Problem statement: If pictures appear in the lines below, skip them and copy exactly the lines from the one containing "Goddess Ashta Lakshmi" through the one containing "応援合戦も小学生に面倒を見て", and nothing else.
*****
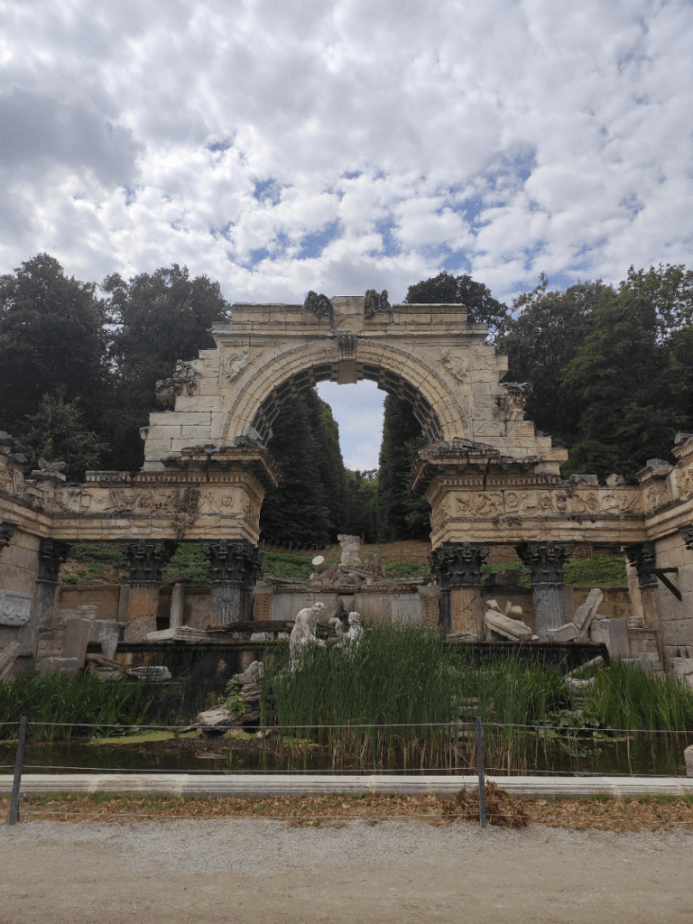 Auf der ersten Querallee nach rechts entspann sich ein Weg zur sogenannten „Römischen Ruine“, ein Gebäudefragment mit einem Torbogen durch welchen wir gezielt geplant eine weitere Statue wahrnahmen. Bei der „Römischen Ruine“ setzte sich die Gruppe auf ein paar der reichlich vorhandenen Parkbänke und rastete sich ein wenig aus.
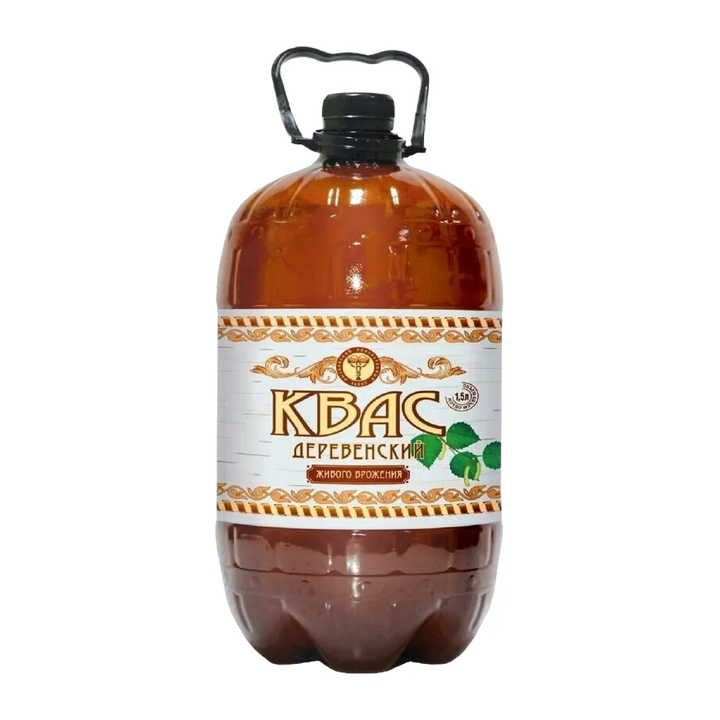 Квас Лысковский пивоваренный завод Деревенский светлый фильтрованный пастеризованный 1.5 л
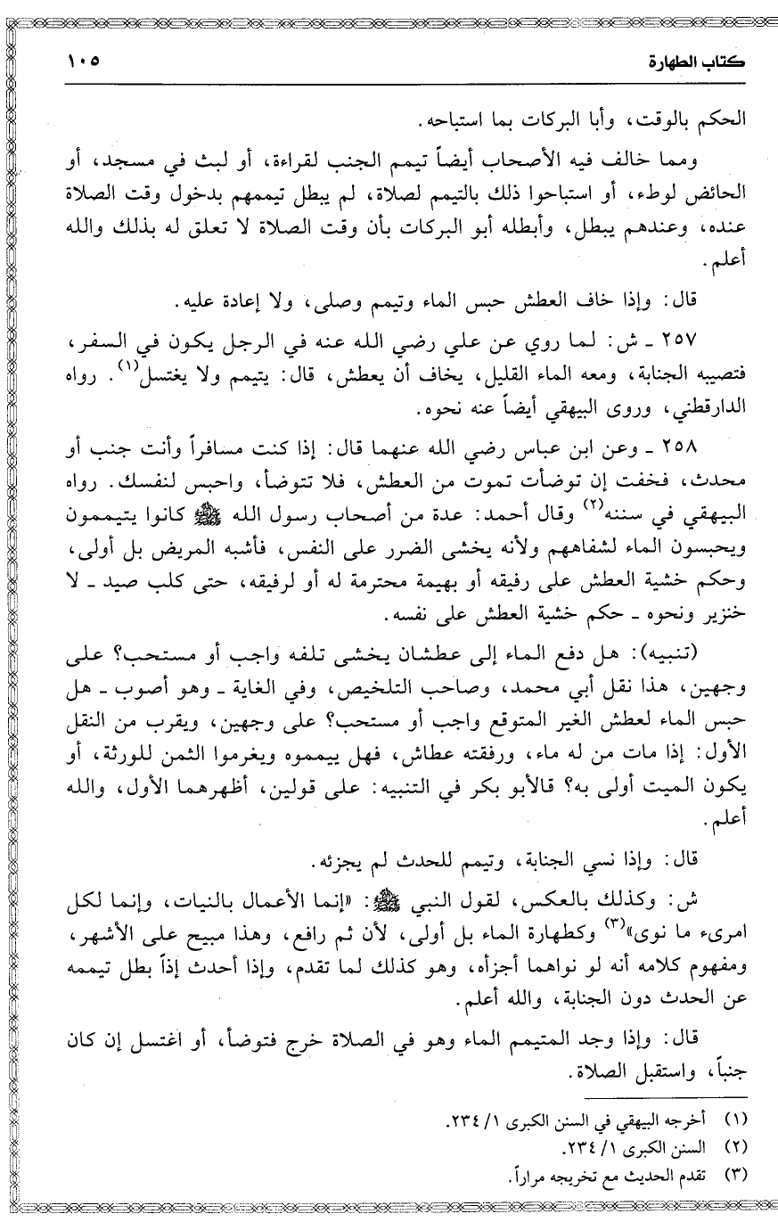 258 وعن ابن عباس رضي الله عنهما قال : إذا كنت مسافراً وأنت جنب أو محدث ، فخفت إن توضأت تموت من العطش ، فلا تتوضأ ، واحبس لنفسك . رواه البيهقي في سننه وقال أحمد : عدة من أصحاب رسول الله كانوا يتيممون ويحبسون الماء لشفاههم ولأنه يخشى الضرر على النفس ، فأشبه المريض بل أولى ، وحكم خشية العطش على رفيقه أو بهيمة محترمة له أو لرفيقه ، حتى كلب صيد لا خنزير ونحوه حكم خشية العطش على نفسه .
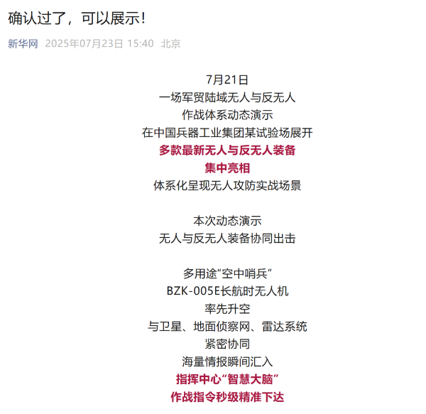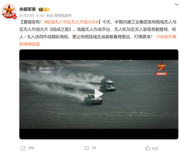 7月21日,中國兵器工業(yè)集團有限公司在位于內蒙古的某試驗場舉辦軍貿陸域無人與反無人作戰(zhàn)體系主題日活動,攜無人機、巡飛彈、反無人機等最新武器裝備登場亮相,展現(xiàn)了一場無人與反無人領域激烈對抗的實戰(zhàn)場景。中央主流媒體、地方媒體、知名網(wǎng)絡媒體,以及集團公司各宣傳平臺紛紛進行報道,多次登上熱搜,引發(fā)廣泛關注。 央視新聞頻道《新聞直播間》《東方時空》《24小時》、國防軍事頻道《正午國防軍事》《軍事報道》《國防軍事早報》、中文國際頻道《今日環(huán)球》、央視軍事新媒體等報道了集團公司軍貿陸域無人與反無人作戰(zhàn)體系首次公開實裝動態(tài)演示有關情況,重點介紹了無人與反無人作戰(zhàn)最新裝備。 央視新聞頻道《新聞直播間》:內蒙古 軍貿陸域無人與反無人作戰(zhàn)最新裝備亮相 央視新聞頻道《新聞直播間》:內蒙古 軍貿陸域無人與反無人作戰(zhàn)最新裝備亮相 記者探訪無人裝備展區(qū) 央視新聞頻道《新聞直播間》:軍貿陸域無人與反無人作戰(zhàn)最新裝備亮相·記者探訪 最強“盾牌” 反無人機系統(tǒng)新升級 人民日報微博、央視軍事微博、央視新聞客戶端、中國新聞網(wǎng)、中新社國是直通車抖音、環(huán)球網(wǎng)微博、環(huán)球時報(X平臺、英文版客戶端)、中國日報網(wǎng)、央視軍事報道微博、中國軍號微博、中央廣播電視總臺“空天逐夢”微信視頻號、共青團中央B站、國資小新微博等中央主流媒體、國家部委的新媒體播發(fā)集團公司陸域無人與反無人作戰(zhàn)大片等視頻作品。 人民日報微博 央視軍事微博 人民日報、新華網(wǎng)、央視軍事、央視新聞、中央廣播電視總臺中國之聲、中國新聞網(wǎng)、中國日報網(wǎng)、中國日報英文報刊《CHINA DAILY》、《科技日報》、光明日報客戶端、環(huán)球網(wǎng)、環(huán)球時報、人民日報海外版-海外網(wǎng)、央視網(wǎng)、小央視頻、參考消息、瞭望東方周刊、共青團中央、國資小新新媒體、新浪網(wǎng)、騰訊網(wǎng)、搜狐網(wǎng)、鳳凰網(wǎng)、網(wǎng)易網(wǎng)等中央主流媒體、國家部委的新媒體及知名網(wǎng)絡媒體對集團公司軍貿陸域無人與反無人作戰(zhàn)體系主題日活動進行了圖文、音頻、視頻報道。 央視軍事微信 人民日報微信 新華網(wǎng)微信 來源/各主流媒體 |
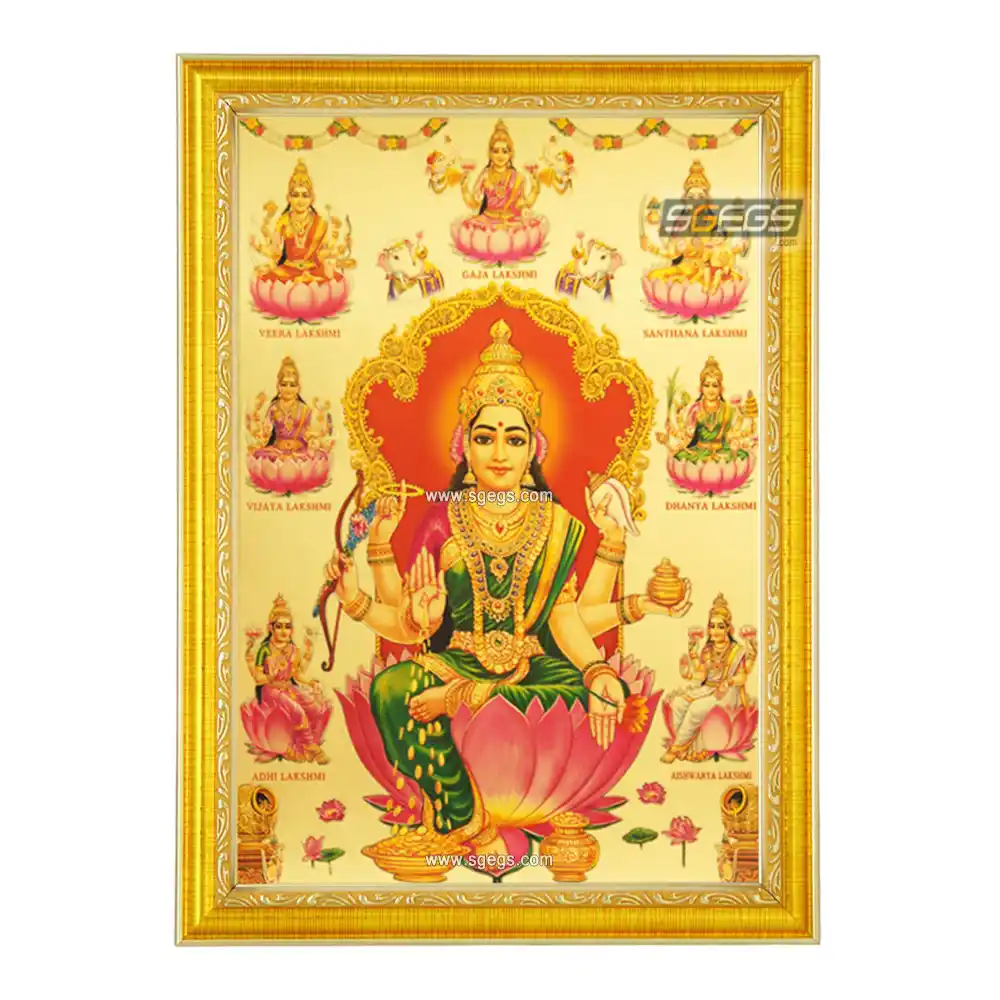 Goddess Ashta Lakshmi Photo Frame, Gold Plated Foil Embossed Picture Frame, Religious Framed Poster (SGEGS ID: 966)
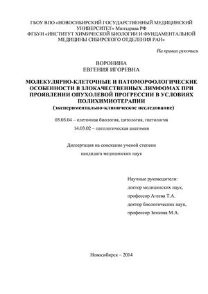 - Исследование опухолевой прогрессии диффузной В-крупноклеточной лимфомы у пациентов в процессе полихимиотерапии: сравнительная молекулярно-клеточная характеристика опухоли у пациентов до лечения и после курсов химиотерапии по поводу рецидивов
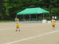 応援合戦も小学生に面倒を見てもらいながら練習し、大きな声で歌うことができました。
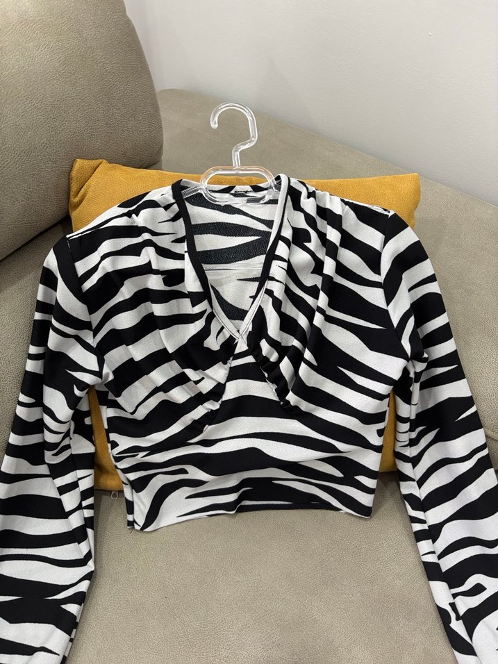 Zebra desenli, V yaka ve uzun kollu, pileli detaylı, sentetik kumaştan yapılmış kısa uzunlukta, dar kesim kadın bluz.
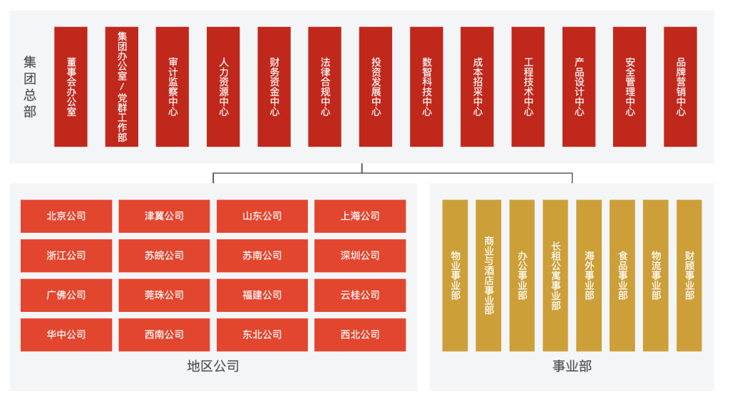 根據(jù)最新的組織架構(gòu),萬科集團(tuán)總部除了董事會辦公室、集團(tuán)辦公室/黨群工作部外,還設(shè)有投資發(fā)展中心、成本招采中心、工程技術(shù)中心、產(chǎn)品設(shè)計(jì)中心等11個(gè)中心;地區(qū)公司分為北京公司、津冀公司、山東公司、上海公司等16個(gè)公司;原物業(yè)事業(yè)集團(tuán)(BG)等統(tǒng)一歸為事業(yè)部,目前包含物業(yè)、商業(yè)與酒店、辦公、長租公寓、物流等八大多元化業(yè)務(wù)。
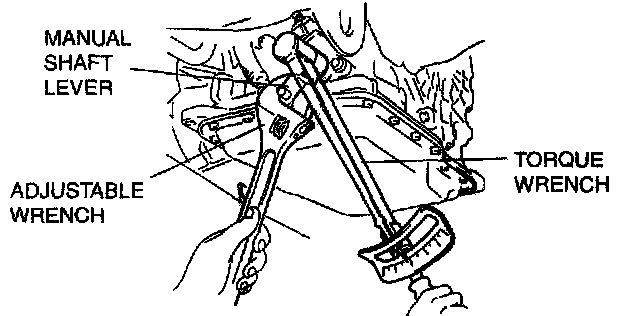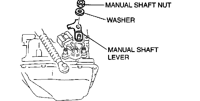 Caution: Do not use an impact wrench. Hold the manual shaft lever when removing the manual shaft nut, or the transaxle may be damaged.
*****
Task response:
 Goddess Ashta Lakshmi Photo Frame, Gold Plated Foil Embossed Picture Frame, Religious Framed Poster (SGEGS ID: 966)
 - Исследование опухолевой прогрессии диффузной В-крупноклеточной лимфомы у пациентов в процессе полихимиотерапии: сравнительная молекулярно-клеточная характеристика опухоли у пациентов до лечения и после курсов химиотерапии по поводу рецидивов
 応援合戦も小学生に面倒を見てもらいながら練習し、大きな声で歌うことができました。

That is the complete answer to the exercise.